Just like writing code, writing proper comments is a bit of an art. I've very often seen developers be way too verbose, commenting almost every line with the literal thing the next line does. Anyone who can read the code can see what it does. What we can't see is why it does this or why it doesn't do it in some other obvious way. This is something you see a lot with AI generated code, probably because a lot of their training was done on tutorials where every line was explained so people learning can follow along.

This also ties in with keeping comments updated and accurate when changing code. If the comment and the code doesn't match with each other, which one is true? I've in the past worked on legacy codebases where the comments were almost always traps. The code didn't match the comments at all, sometimes obviously so, most times only very subtle. We were always guessing was the implementation meant to be the comment and the difference just a mistake? The codebase was riddled with bugs, so it's likely. Or was the code changed at a later point on purpose and the comments neglected?

Luckily these days we have good tools in regards to source control, with things like feature branches, pull requests with tools that allow for discussion and annotation. That way at least usually the origin of a change is traceable. And code review can be applied before the change is merged, so mistakes like neglecting comments can be caught.

Now I don't agree with the principle of no comments at all. Just because a tool has some issues and limitations doesn't mean it gets banned from our toolbox. But writing actual useful comments is very hard and can be just as hard as writing good code. Comments also aren't a cheat card for writing bad code, the code needs to stand on its own and be enhanced by the comments.

It's one of those things we've been arguing about over my entire 40 year career. I don't think there is a right way. Whatever is best depends on the person, the team, the system etc. And like with many things, there are people who are good and people who suck. That's just the way the cookie crumbles.

[–] HaraldvonBlauzahn@feddit.org 4 points 9 hours ago* (last edited 9 hours ago)

Anyone who can read the code can see what it does. What we can't see is why it does this or why it doesn't do it in some other obvious way. This is something you see a lot with AI generated code, probably because a lot of their training was done on tutorials where every line was explained so people learning can follow along.

This is also an important difference between C++ and Rust: Rust ensures correctness of ownership semantics, mutating xor sharing values, absence of race conditions, and so on. In that sense, Rust has stricter syntax: It puts things into the code which are "meta-code" in C++.

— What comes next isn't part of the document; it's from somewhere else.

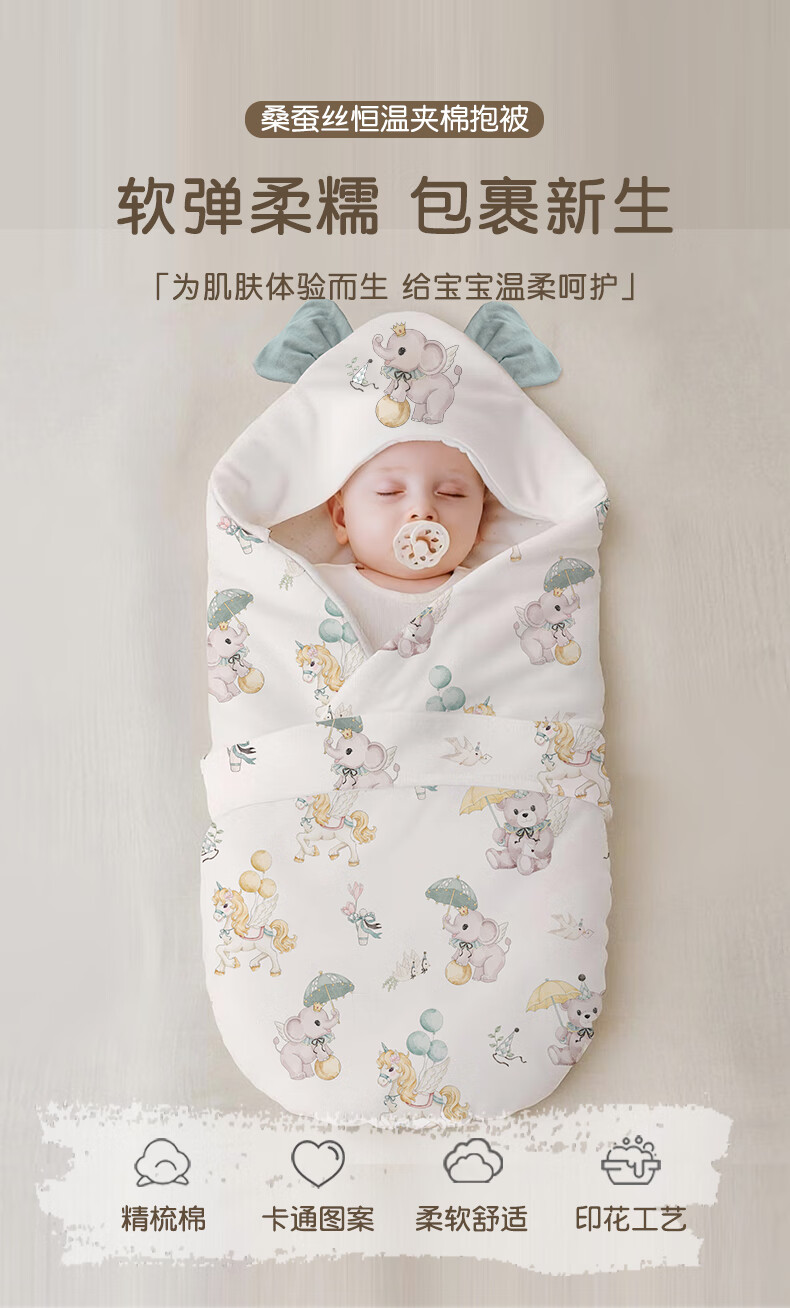 Babyincoming newborn bag, anti-kicking quilt, maternity room quilt, pure cotton summer baby baby bag, anti-jumping spring and autumn warm autumn and winter crepe beanie 650g recommended 5-15 sprinkler baby elephant 90*90cm

Because of that, many or perhaps most correct Rust programs could be re-written verbatim to correct C++ programs. Invariants that would ensure correctness can be put into comments. But, in practice it is extremely hard to write originally correct multi-threaded C++ programs that way. One reason for this is that many C++ programmers lack both the means as well as the culture to annotate the correctness of their code. Of course invariants and pre-conditions can be annotated in comments, but in reality it is rarely done.

[–] squaresinger@lemmy.world 4 points 11 hours ago (1 children)

You are obviously right about the things you are saying. I was specifically talking about code documentation on a class/method level. User documentation, architecture documentation or other high-level documentation doesn't make sense in the code, of course.

I have seen similar levels of documentation as you talk about (every line, every call documentated), but in flow charts in Confluence. That has the same issues as documenting every line of code in comments but worse.

Just because a tool has some issues and limitations doesn't mean it gets banned from our toolbox.

This is very much it. Every tool can be abused and no tool is perfect. Code can have bugs and can be bad (and often both things happen). Should we now ban writing code?

If the comment and the code doesn't match with each other, which one is true?

This can be true even with code alone. A while ago I found a bug in an old piece of code written by someone who left the company years ago.

The method causing the bug was named something like isNotX(). In the function it returned isX. About half the places where the function was called, the returned value was assigned to a variable named isX and in the other half of the places the variable was named isNotX. So which is true?

A javadoc-style comment could have acted as parity. Since comments are simpler to write than code, it's easier to correctly explain the purpose of a function in there than in code.

While in the example I referenced it was quite clear that something was wrong, this might not always be the case. Often the code looks consistent while actually being wrong. A comment can help to discern what's going on there.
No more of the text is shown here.